We come to meet Camiel Borgman (Jan Bijvoet), or so he calls himself, as he’s being hunted for reasons unknown by a group of men armed with weapons and scouring the forest for his whereabouts. Borgman resides in a shadowy underground bunker, and we immediately get the sense that this isn’t the first time someone has had their sights on killing him. This near-wordless opening sequence is arresting and carries with it a momentum that is never fully replicated throughout the rest of the film. After eluding the hunters in the opening scene, Borgman finds himself looking for shelter in an upscale neighborhood where he eventually arrives at the doorstep of the volatile Richard (Jeroen Perceval) and his wife, Marina (Hadewych Minis). After receiving a serious beating from Richard, Marina secretly invites Borgman to stay in the family’s guest house, a gesture that solidifies the destruction of the family unit.
Borgman eventually unearths two other cohorts who aid him in taking over the household. The gardener and his wife are eventually killed so that Borgman can act as a substitute, a nanny is seduced, emaciated dogs roam through the house at night, and, on occasion, Borgman crouches over Marina as she sleeps and transfers nightmares into her subconscious mind. The narrative is fueled off of these bizarre and unpredictable spells that only shock and intrigue for so long. There’s a mythic and fable-like quality to the film, personified through the shape-shifting evil that roams throughout every inch of the household. What specific entity Borgman represents is wisely never made clear, leaving room for us to fill in the blanks, but van Warmerdam’s cyclical structure of mixing black humor (heads being buried in concrete is a nice touch) and cerebral horror is a combination that feels belabored as the film reaches the inevitabilities of its third act.

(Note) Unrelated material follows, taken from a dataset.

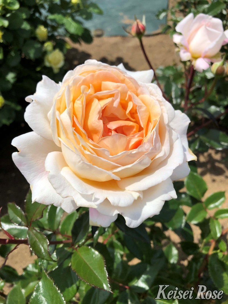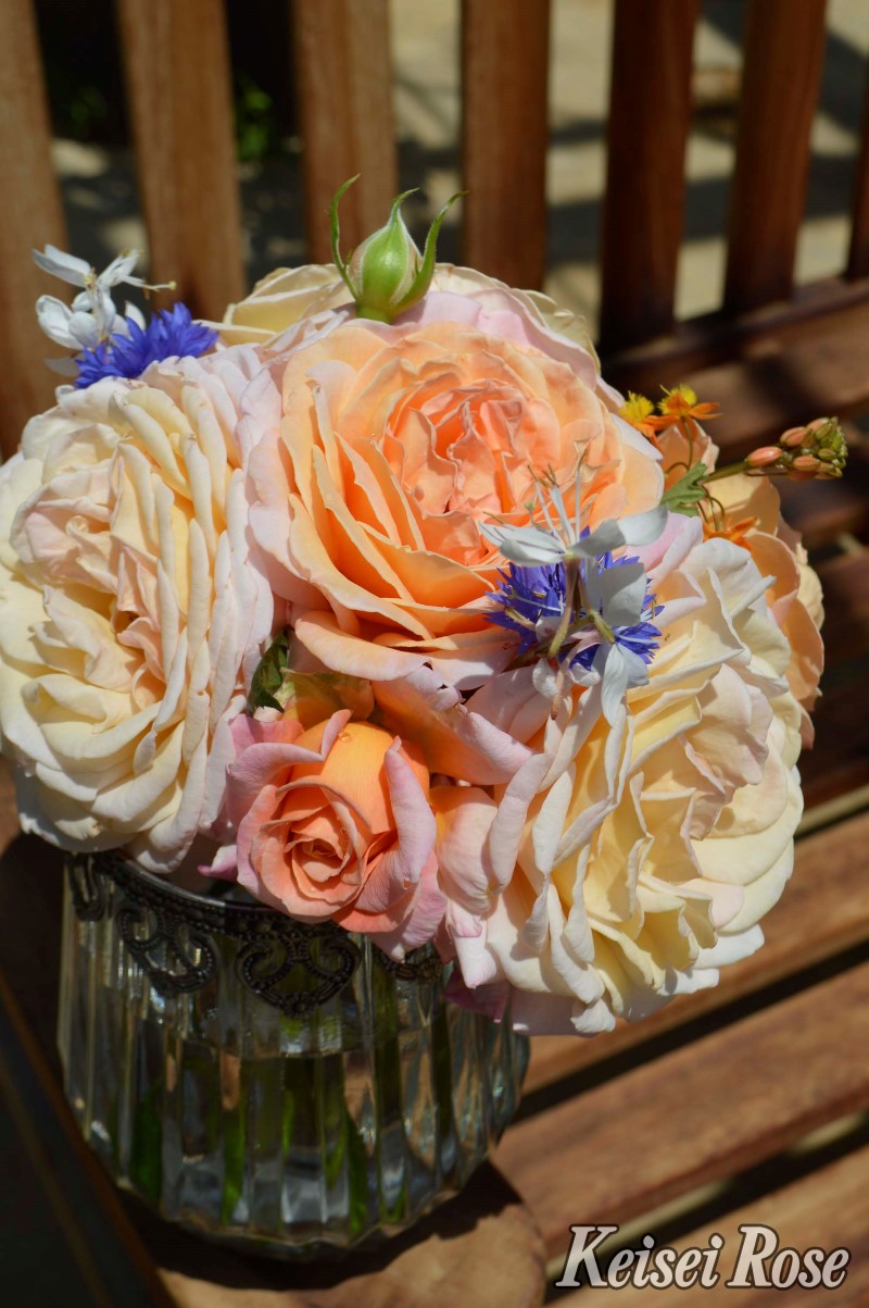 アプリコットピンクの微妙な色あいで、芳醇なフルーツの香りの中にフローラルなど様々な要素を含む素晴らしい香りのバラです。

Borgman aims to embody a bottomless tide of meanings and symbols mostly tied to class commentary and the unpredictable and cruel nature of evil. In what slowly adds up to yet another art-house exercise more fascinated by its own formation than its end game, Borgman finds itself hamstrung by its inability to articulate anything beyond its rudimentary display of upper-class angst. More taxing than surreal, and more tedious than horrifying, Borgman is a Dutch import that features two solid performances from Bijvoet and Minis, but one that ultimately fails to compel beyond its surface schematics.